▶ **DATA SECTION**
=== Section Start ===

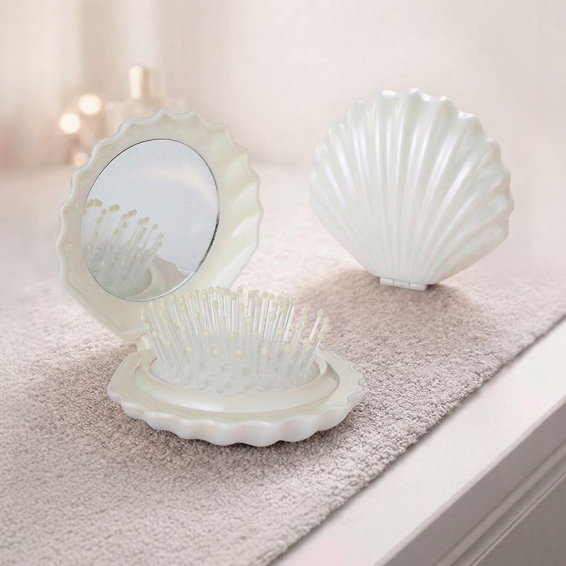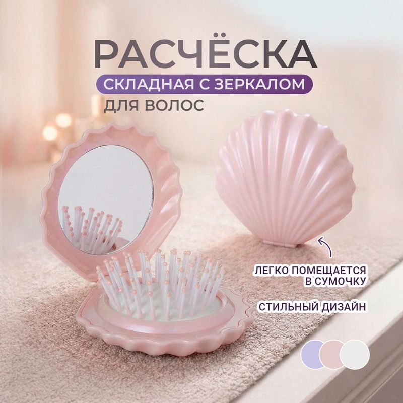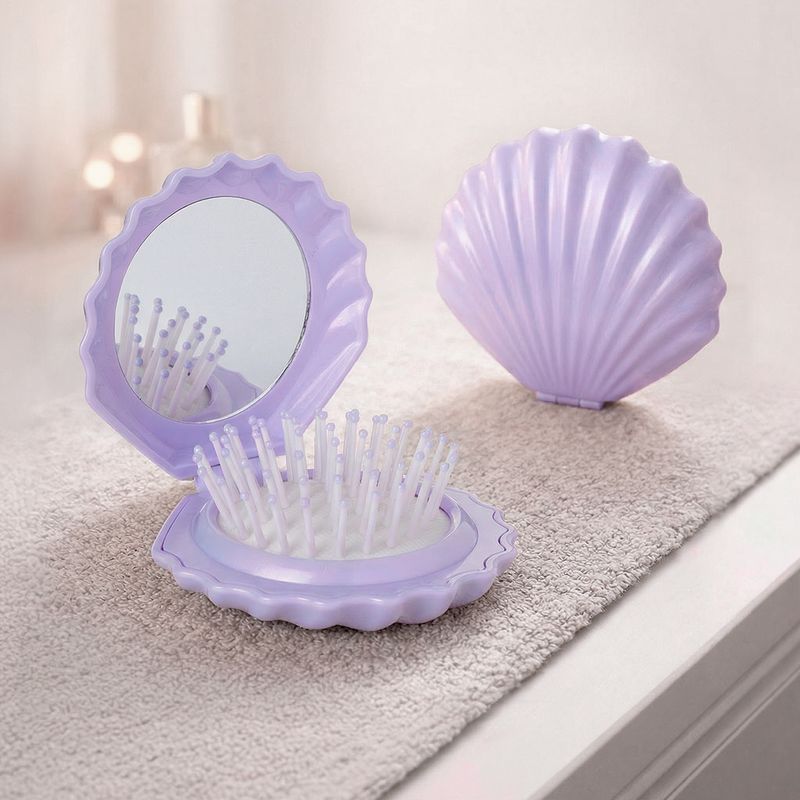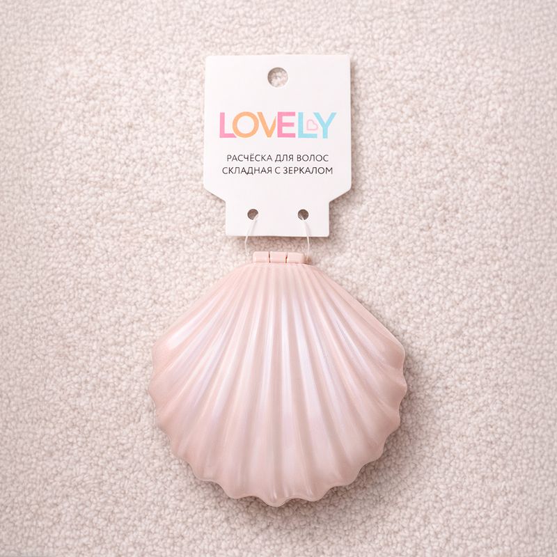 Расчёска для волос складная с зеркалом, Lovely, в форме ракушки – это стильный аксессуар, который легко поместится в сумочке или косметичке. Помогает быстро привести волосы в порядок в течение дня, где бы вы ни находились. Состав: АБС, ТПР, нейлон, стекло. Товар представлен в ассортименте.
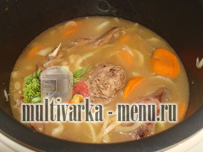 Тепер потрібно змінити режим на мультиарке. Включаємо режим «Гасіння». І в чашу мультиварки, де у нас обсмажене м’ясо і овочі додаємо воду, щоб протушкувати все. Коли вода закипить, знімаємо пінку і тушкуємо 30 хвилин.
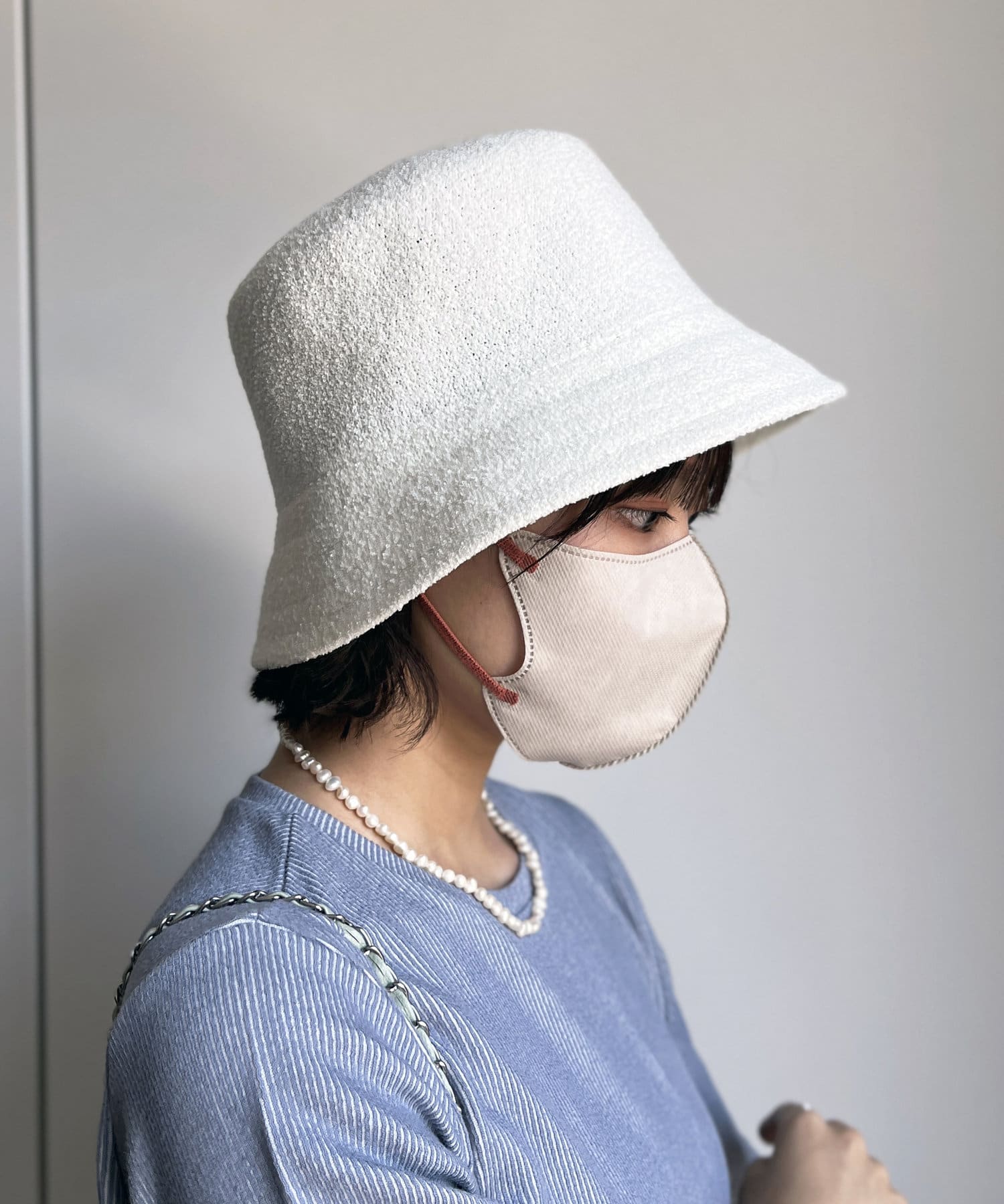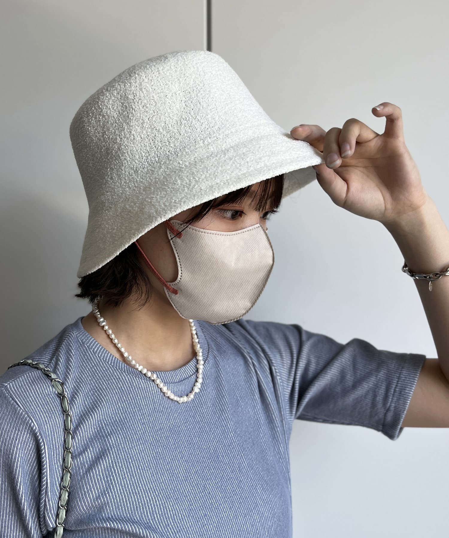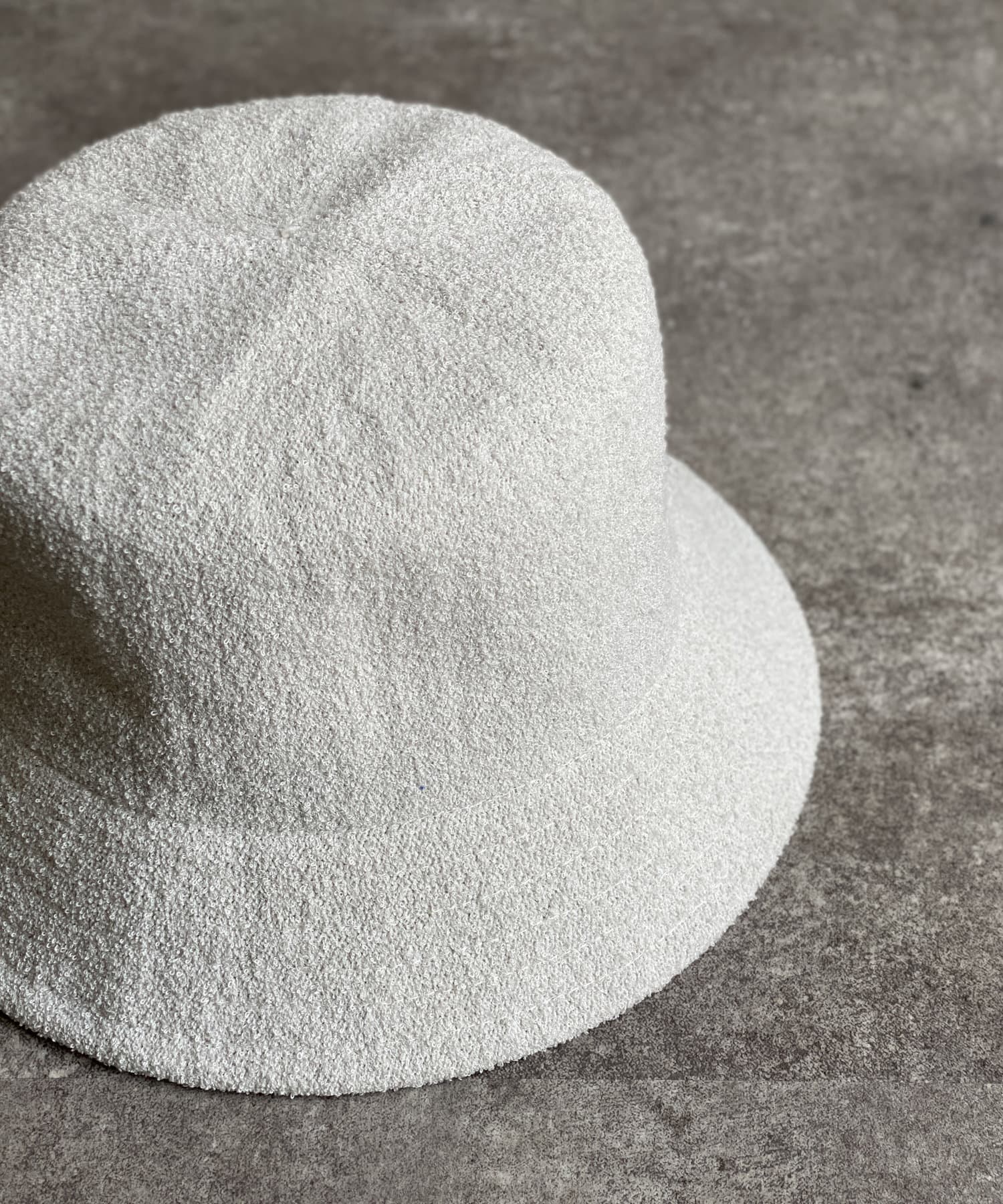肌触りのよいパイル素材を採用し、軽量で被りやすいバケットハット。
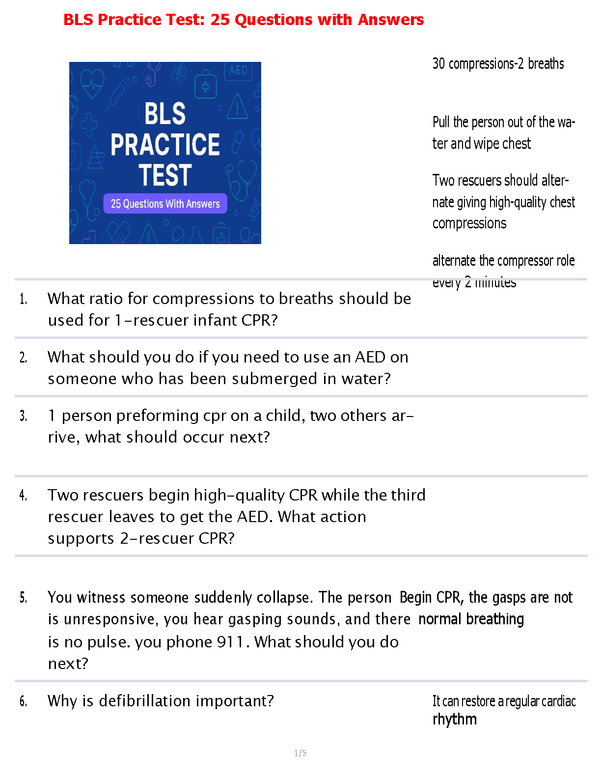 Get ready to ace your Basic Life Support (BLS) certification exam with our expertly crafted 2025/2026 test bank. This comprehensive resource is built upon the most recent American Heart Association (AHA) guidelines for CPR and ECC. Inside, you'll find a wide range of practice questions with verified answers, covering critical scenarios like single-rescuer CPR for infants, AED use on submerged victims, and team dynamics in resuscitation. Stop worrying about resits and master the essential knowledge needed to save lives. Our BLS practice test is the ultimate study tool to build your confidence and ensure you pass your certification on the very first try.
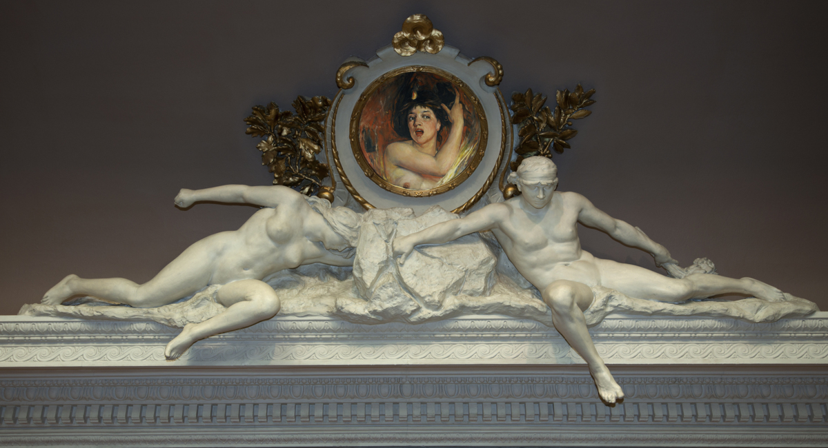 Denna skulpturgrupp ingår i de takdekorationer med allegorier över uppfinningar som magnetismen, ångan, dynamiten, elektriciteten, telefonen och fotografin som fanns i Fürstenbergska galleriet i Brunnsparken men som efter Fürstenbergs bortgång flyttades, först till Göteborgs Museum och senare till konstmuseet vid Götaplatsen. Per Hasselberg utformade skulpturerna med nakna mänskliga figurer och avbilder av uppfinningarna. Till dessa takgrupper målade några av de främsta opponenterna medaljonger: August Hagborg, Hugo Salmson, Ernst Josephson, Carl Larsson, Georg Pauli och Richard Bergh.

=== Section End ===

▶ **EXERCISE DETAILS**
Please give the entries again word for word, without any pictures.

▶ **WRITTEN ANSWER**
 Расчёска для волос складная с зеркалом, Lovely, в форме ракушки – это стильный аксессуар, который легко поместится в сумочке или косметичке. Помогает быстро привести волосы в порядок в течение дня, где бы вы ни находились. Состав: АБС, ТПР, нейлон, стекло. Товар представлен в ассортименте.
 Тепер потрібно змінити режим на мультиарке. Включаємо режим «Гасіння». І в чашу мультиварки, де у нас обсмажене м’ясо і овочі додаємо воду, щоб протушкувати все. Коли вода закипить, знімаємо пінку і тушкуємо 30 хвилин.
肌触りのよいパイル素材を採用し、軽量で被りやすいバケットハット。
 Get ready to ace your Basic Life Support (BLS) certification exam with our expertly crafted 2025/2026 test bank. This comprehensive resource is built upon the most recent American Heart Association (AHA) guidelines for CPR and ECC. Inside, you'll find a wide range of practice questions with verified answers, covering critical scenarios like single-rescuer CPR for infants, AED use on submerged victims, and team dynamics in resuscitation. Stop worrying about resits and master the essential knowledge needed to save lives. Our BLS practice test is the ultimate study tool to build your confidence and ensure you pass your certification on the very first try.
 Denna skulpturgrupp ingår i de takdekorationer med allegorier över uppfinningar som magnetismen, ångan, dynamiten, elektriciteten, telefonen och fotografin som fanns i Fürstenbergska galleriet i Brunnsparken men som efter Fürstenbergs bortgång flyttades, först till Göteborgs Museum och senare till konstmuseet vid Götaplatsen. Per Hasselberg utformade skulpturerna med nakna mänskliga figurer och avbilder av uppfinningarna. Till dessa takgrupper målade några av de främsta opponenterna medaljonger: August Hagborg, Hugo Salmson, Ernst Josephson, Carl Larsson, Georg Pauli och Richard Bergh.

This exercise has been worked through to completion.